Return each line exactly as written. Begin with the first line of the entries and end with the line that has "A pair of fun, cute, funny, festive, cosy-up, socks".
***** DATA SHOWN
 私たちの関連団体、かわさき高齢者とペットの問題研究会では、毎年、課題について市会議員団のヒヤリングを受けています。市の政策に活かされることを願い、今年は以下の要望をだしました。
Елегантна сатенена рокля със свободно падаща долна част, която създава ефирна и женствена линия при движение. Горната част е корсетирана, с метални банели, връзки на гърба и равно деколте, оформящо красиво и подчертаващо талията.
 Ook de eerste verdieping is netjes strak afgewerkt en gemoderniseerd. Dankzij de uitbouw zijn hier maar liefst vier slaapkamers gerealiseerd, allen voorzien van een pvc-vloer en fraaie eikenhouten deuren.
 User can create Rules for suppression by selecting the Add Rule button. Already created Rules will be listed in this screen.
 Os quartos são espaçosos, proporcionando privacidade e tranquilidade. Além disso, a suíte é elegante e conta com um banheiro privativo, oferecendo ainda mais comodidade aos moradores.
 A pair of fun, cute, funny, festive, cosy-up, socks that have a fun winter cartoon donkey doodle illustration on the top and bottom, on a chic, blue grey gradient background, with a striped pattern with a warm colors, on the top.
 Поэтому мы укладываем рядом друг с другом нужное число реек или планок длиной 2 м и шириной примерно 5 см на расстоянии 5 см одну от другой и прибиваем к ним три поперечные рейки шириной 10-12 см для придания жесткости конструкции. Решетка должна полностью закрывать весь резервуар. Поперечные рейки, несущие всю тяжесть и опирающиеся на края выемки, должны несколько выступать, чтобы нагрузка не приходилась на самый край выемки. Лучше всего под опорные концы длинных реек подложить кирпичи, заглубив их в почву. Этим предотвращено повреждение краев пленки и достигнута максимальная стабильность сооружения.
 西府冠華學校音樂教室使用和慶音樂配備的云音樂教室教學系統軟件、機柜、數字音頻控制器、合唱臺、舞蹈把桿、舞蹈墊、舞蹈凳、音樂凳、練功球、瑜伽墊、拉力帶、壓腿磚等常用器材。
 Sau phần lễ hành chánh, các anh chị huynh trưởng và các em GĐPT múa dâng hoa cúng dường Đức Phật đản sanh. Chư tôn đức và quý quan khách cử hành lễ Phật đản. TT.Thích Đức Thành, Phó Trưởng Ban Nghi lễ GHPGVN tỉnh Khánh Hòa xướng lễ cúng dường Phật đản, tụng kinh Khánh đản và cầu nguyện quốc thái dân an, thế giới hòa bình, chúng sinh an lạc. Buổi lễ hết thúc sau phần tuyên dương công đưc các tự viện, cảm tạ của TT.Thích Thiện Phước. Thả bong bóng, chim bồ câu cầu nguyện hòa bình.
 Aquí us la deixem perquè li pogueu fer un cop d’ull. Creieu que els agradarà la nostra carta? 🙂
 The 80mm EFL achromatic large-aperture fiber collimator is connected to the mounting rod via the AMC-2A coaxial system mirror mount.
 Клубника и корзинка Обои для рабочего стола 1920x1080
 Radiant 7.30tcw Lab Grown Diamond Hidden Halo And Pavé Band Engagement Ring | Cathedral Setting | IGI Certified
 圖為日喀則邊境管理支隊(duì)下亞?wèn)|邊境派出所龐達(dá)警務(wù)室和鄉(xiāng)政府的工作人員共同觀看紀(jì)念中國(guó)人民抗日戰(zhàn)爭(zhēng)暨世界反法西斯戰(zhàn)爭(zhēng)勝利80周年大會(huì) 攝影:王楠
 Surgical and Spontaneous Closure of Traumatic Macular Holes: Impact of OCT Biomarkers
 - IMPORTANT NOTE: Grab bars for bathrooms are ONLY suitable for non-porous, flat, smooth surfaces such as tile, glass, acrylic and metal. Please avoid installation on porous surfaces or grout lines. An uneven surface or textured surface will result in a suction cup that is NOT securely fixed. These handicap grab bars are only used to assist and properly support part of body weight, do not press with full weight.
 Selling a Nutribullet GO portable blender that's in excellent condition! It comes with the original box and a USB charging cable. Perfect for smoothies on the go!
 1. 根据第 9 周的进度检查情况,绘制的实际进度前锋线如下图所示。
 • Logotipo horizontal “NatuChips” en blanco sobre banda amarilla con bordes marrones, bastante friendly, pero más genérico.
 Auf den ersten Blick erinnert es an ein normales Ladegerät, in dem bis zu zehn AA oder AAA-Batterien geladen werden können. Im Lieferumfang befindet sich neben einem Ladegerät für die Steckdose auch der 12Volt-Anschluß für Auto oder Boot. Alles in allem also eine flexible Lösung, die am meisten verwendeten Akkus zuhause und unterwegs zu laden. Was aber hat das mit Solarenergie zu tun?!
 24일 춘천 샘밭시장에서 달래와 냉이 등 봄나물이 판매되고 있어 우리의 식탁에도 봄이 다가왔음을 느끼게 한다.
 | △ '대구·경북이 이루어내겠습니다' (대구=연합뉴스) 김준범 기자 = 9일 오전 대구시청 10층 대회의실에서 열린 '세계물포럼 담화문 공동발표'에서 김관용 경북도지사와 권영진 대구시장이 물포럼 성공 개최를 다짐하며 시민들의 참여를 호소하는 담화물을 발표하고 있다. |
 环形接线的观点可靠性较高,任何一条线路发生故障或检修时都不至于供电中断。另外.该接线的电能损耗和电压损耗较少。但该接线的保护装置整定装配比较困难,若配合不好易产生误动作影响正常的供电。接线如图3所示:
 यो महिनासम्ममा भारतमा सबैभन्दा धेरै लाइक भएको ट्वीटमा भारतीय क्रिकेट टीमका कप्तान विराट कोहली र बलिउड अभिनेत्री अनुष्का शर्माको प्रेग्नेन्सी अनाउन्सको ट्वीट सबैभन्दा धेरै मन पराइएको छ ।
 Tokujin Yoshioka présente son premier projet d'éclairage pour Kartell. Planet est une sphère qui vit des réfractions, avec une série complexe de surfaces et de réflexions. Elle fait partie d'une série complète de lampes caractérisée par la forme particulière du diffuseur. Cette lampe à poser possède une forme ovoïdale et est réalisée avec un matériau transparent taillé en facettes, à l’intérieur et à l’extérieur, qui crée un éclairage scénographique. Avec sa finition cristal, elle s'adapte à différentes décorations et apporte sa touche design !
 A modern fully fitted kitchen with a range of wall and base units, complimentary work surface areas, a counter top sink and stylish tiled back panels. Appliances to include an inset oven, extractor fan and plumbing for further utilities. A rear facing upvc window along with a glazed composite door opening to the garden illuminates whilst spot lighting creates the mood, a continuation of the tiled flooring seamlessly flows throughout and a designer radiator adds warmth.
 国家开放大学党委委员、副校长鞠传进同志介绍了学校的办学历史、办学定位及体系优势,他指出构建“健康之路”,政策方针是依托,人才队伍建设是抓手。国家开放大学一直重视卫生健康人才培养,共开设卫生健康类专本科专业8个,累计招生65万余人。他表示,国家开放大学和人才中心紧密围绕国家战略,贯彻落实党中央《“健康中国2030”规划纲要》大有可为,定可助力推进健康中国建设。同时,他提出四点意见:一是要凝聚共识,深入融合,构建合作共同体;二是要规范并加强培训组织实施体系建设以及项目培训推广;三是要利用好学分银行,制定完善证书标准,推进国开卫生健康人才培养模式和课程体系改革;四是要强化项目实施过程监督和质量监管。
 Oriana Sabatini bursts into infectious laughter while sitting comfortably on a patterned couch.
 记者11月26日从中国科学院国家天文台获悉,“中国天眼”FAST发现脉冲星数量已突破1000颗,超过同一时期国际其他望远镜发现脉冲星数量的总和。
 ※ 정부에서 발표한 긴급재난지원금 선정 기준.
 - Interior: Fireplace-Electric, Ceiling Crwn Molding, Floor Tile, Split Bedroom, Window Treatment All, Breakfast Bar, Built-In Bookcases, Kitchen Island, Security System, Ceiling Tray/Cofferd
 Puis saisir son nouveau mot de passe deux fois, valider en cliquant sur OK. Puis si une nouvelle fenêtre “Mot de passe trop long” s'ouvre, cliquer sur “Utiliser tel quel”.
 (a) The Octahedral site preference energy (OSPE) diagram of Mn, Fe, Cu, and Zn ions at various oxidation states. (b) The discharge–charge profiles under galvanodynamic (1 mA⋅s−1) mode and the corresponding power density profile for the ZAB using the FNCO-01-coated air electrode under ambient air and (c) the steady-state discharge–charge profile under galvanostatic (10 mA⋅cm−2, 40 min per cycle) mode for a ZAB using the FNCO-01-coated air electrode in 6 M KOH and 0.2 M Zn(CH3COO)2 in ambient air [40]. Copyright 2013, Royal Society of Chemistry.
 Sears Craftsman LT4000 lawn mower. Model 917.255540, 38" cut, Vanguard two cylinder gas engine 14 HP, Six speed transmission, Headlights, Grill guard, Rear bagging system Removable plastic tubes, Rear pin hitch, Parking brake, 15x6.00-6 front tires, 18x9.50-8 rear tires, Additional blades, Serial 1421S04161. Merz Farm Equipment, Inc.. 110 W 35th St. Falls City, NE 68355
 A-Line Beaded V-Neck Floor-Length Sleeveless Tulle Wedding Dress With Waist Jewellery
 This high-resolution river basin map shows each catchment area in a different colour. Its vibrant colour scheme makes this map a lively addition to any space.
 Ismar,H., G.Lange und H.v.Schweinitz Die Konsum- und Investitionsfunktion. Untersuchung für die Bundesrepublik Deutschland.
**********
— COMPLETED TASK —
 私たちの関連団体、かわさき高齢者とペットの問題研究会では、毎年、課題について市会議員団のヒヤリングを受けています。市の政策に活かされることを願い、今年は以下の要望をだしました。
Елегантна сатенена рокля със свободно падаща долна част, която създава ефирна и женствена линия при движение. Горната част е корсетирана, с метални банели, връзки на гърба и равно деколте, оформящо красиво и подчертаващо талията.
 Ook de eerste verdieping is netjes strak afgewerkt en gemoderniseerd. Dankzij de uitbouw zijn hier maar liefst vier slaapkamers gerealiseerd, allen voorzien van een pvc-vloer en fraaie eikenhouten deuren.
 User can create Rules for suppression by selecting the Add Rule button. Already created Rules will be listed in this screen.
 Os quartos são espaçosos, proporcionando privacidade e tranquilidade. Além disso, a suíte é elegante e conta com um banheiro privativo, oferecendo ainda mais comodidade aos moradores.
 A pair of fun, cute, funny, festive, cosy-up, socks that have a fun winter cartoon donkey doodle illustration on the top and bottom, on a chic, blue grey gradient background, with a striped pattern with a warm colors, on the top.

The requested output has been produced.